Late in the nineteenth century people from countries like Poland, Russia and Germany paid for what they were informed was arable land at Jackson Bay, New Zealand, only to discover once they had made the long journey, that they had bought land in an isolated, rugged piece of area thick with rainforest right down to the ocean, and impossible to farm.
C told us that the graves of this cemetery seem to be mostly those of young men killed by drowning or from trees falling on them while trying to clear the forest. Unsurprisingly most of the disillusioned immigrants ended up leaving, although some remained to establish the town of Jackson Bay. There was some hope that the very sheltered harbour would become a thriving port, but that has never eventuated. Jackson Bay is a pretty harbour and village, but to me there seems to linger still some sense of disappointment; or maybe it's just that plain old resentment towards visitors that seems to pervade certain small towns.

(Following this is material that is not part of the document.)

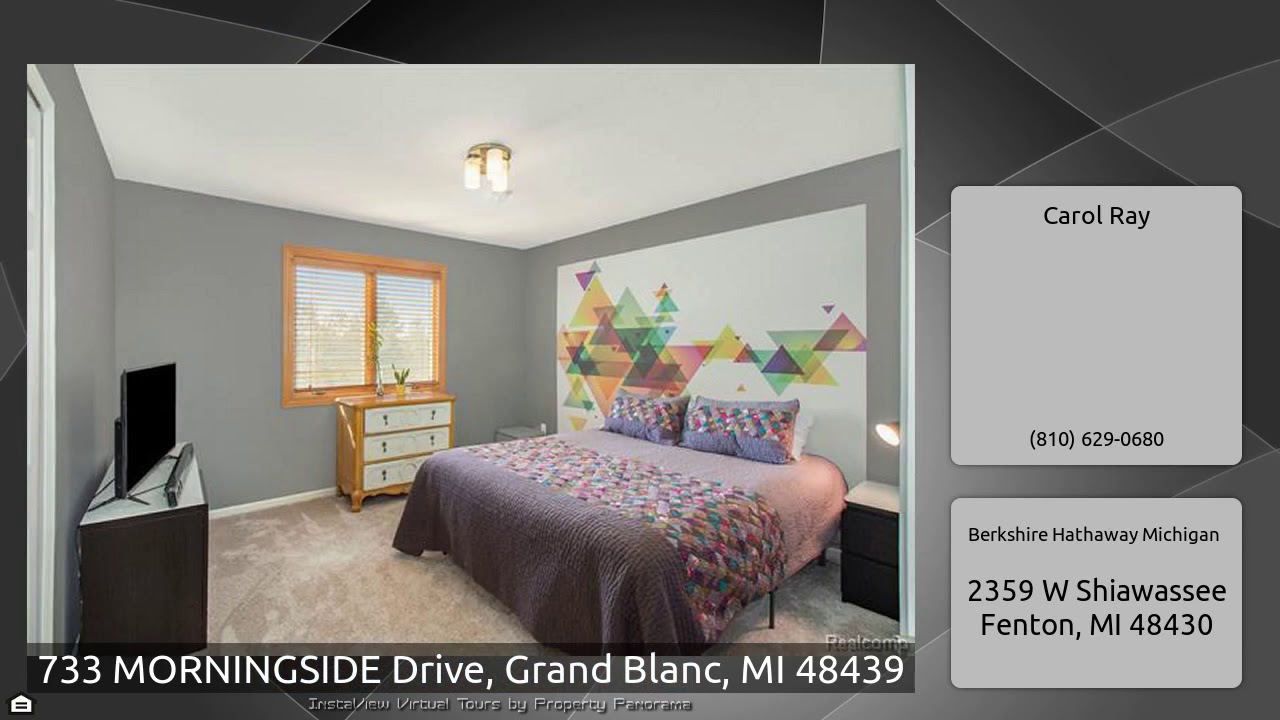 The Virtual Tour for the property at 733 MORNINGSIDE Drive, Grand Blanc, MI 48439 listed for $289,900: Other homes for sale by Carol Ray of Berkshire Hathaway Michigan: Welcome Home to 733 Morningside Drive . . . Perfect Open Design offering 4 bedrooms, 2.1 baths. Spacious Firelit Great Room w/French Doors leading to a large Home Office or Den. Kitchen features Work island, Sunny Breakfast Noon plus Bay Window w/French Doors leading to oversized Patio with Gazebo. Warm Hardwood Floors on the Main Level, Formal Dining Room and large 1st Floor Laundry. Professionally Finished Lower Level …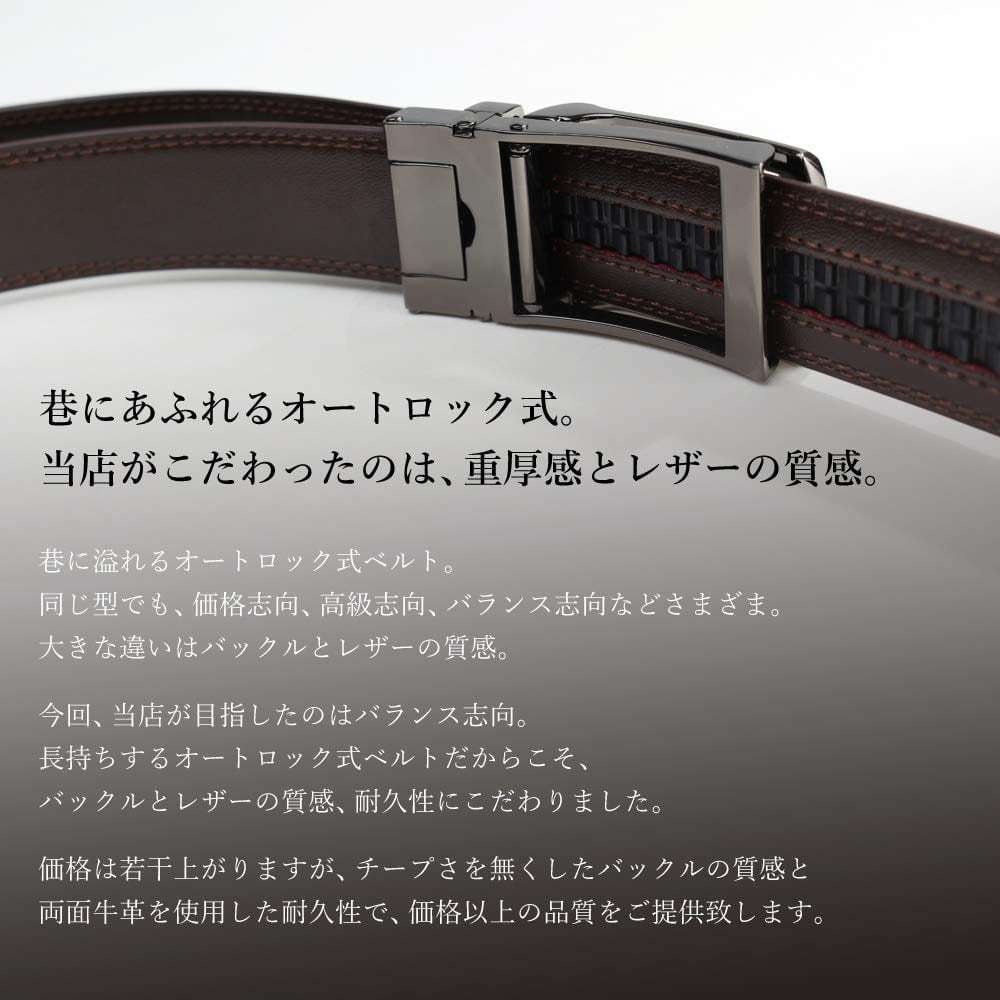 [アトリエサンロクゴ] ビジネスベルト 穴なし オートロック式ベルト ベルト メンズ 本革 牛革 レザーベルト ウエスト調整 ワンタッチ スライドベルト

This is the Haast Pass again, showing the river valley between the mountains. The Maori word for the pass means 'the way becomes clear' or 'path of light'. They traversed the pass many times (with flax sandals for footwear) to get food, to trade pounamu (greenstone or jade) and to catch up on relatives.
We interrupted our journey home with a stop at the town of Cromwell. While R played a game of golf there, I explored the old part of the town . This is a part of the old town that wasn't drowned when the Clyde Dam was constructed in the mid-1980s.